Lots of people have been asking for a way to get the NZ Govt Flags out of the govt.nz site in a machine parsable format.
This is an extension of @fogonwater's getflags tool. It uses BeautifulSoup to get the images and metadata of the flag submissions, and store them in a SQLite DB.
It then serves them up over a JSON API via a tiny Flask application.
Assumes you have:
- python
- setuptools/pip
- nodejs
- memcached (default is a
memcached.sock
in your home directory)
npm install
Note that the npm
tasks are aliased to the generic version of python
in your
shell, for convenience. If you want to run it using python2.7
for instance,
you're better off running the raw python commands:
easy_install-2.7 install
python2.7 scraper scrape
python2.7 api
First, you'll need to populate the DB. The scraper has to traverse every submission on the first run. At the time of writing, there's about 850 of them, so it takes a while.
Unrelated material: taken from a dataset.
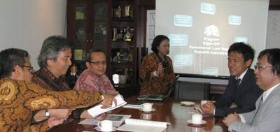 また、インドネシア外務省でバリ民主主義フォーラムや文化交流など、パブリックディプロマシーを担当しているAl Busyra Basnur氏 (Directorate General of Information andPublic Diplomacy)、アメリカ外交問題評議会が主催するシンクタンク会議(CoC)にインドネシアを代表して参加しているCSISの Philips Vermonte 氏(Head, Department of Politics and InternationalRelations)も訪問しました。Philips Vermonte 氏は、CSISが携わっているASEAN People's assemblyやASEAN Political-Security CommunityなどASEAN域内のマルチラテラルな取り組みに触れ、地域内でも市民社会の政策決定プロセスへの参加を主流化させていく動きを加速させるべき、などの意見が出されるなど、今後、東南アジアを巻き込んだ議論を行っていく上で、非常に示唆に富む有意義な会談となりました。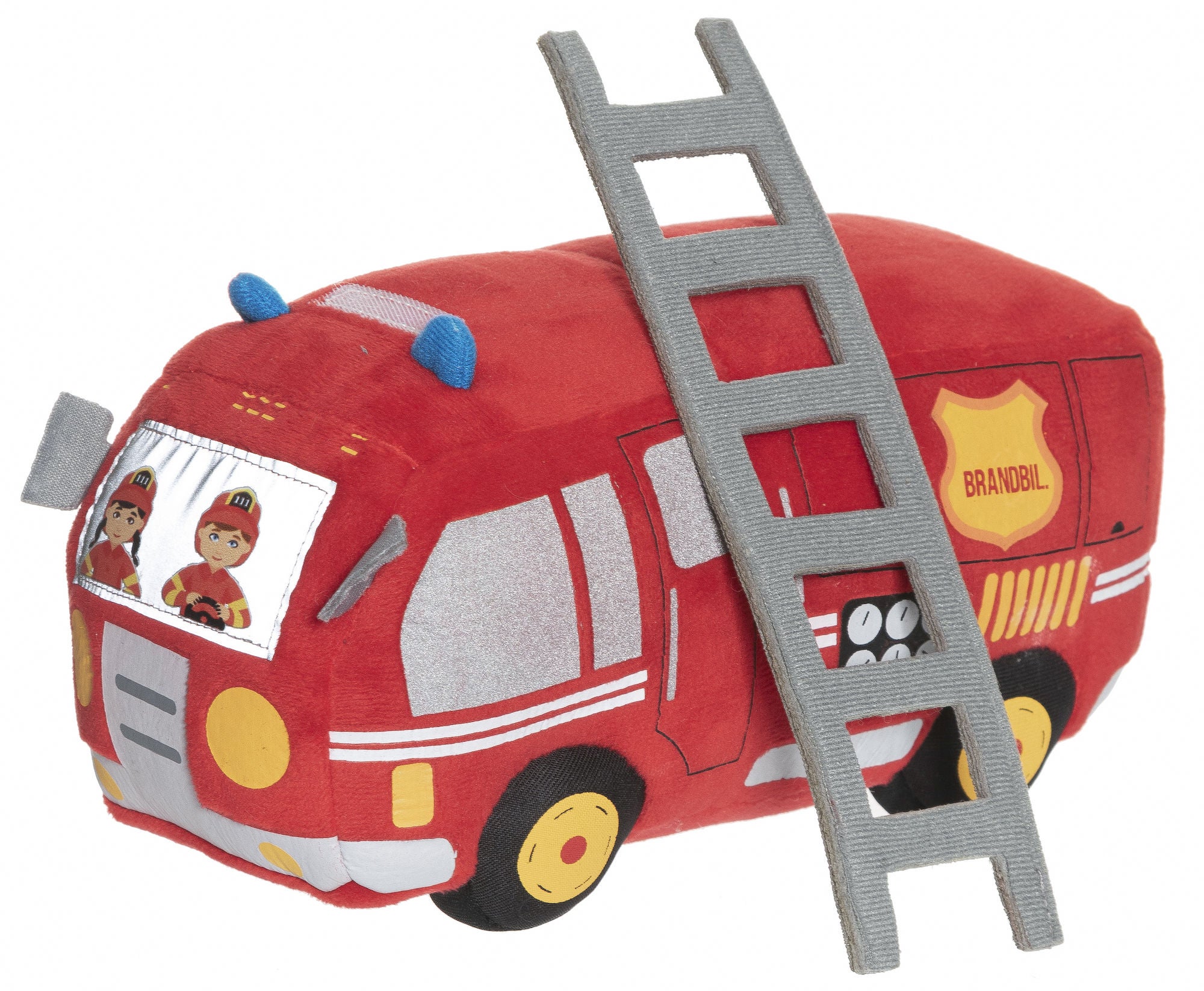Fin blød brandbil fra Teddykompagniet fremstillet af blød polyester. Brandbilen har en aftagelig stige, der sidder fast på taget med velcro. Brandbilen er en anderledes legekammerat, som dit barn kan lege med og tage med i seng, når det skal sove. Den kan vaskes i vaskemaskinen og har polstring fremstillet af PET-flasker. Anbefalet alder: Fra 0 måneder.

Subsequent scrapes are much faster, since it traverses the listing pages first, to harvest new submissions.
python scraper scrape # This will take a while
python api # API on port 5000 for you
You can then get all the flag submissions by visiting the API in your browser
http://localhost:5000/api/
You can also get individual submissions by passing an ID:
http://localhost:5000/api/610
Or search (it's just using LIKE
) by tags and descriptions:
/api/tag/<string:name>
/api/description/<string:name>
{
"description": "Bird accualy is kiwi. Is well known icon of our country and people. Also stars are southern cross and blue is pacific ocean. Where we're from and how we got here.",
"designer": "Aku A.",
"designer_location": "Waikato",
"id": 4338,
"image_path": "http://localhost:3000/static/submissions/4338.jpg",
"last_scraped": "2015-05-16T15:45:03.146103+00:00",
"suggested_by": null,
"suggested_by_location": null,
"tags": [
"blue",
"red",
"white",
"kiwi",
"Southern Cross",
"history",
"Kiwiana",
"Ocean",
"brown"
],
"title": "Southern Kiwi",
"url": "https://www.govt.nz/browse/engaging-with-government/the-nz-flag-your-chance-to-decide/gallery/design/4338"
}
Image of flag submissions are saved via urllib
to the static/submissions
directory. You should configure your wsgi app to serve these directly.
python api # runs the Flask API app on port 5000
python scraper scrape # scrapes the govt.nz site for flags
python scraper # List all available commands
npm start # runs the dev server on port 5000
npm run scrape # scrapes the govt.nz site for flags
npm run dump # dumps the results out as JSON `var/submissions.json`
npm run migrate # populate the DB from JSON file `var/submissions.json`
npm run drop # drops the table
npm run cron # scheduled task to scrape the govt site every hour
Example wsgi script:
import sys
import os
sys.path.insert(1, os.path.join(sys.path[0], '.'))
from api.app import app as application
drop an env.py
in the root of your project to override any configuration
options from config.py
.
The app stores the listing and the individual flag items using memcached
.
The default cache time is 60 minutes.
To make sure you've got the freshest, juiciest flags, run this task to scrape the site every couple of hours.
npm run cron
- Write better docs
- Add some caching
- Move the static assets to a CDN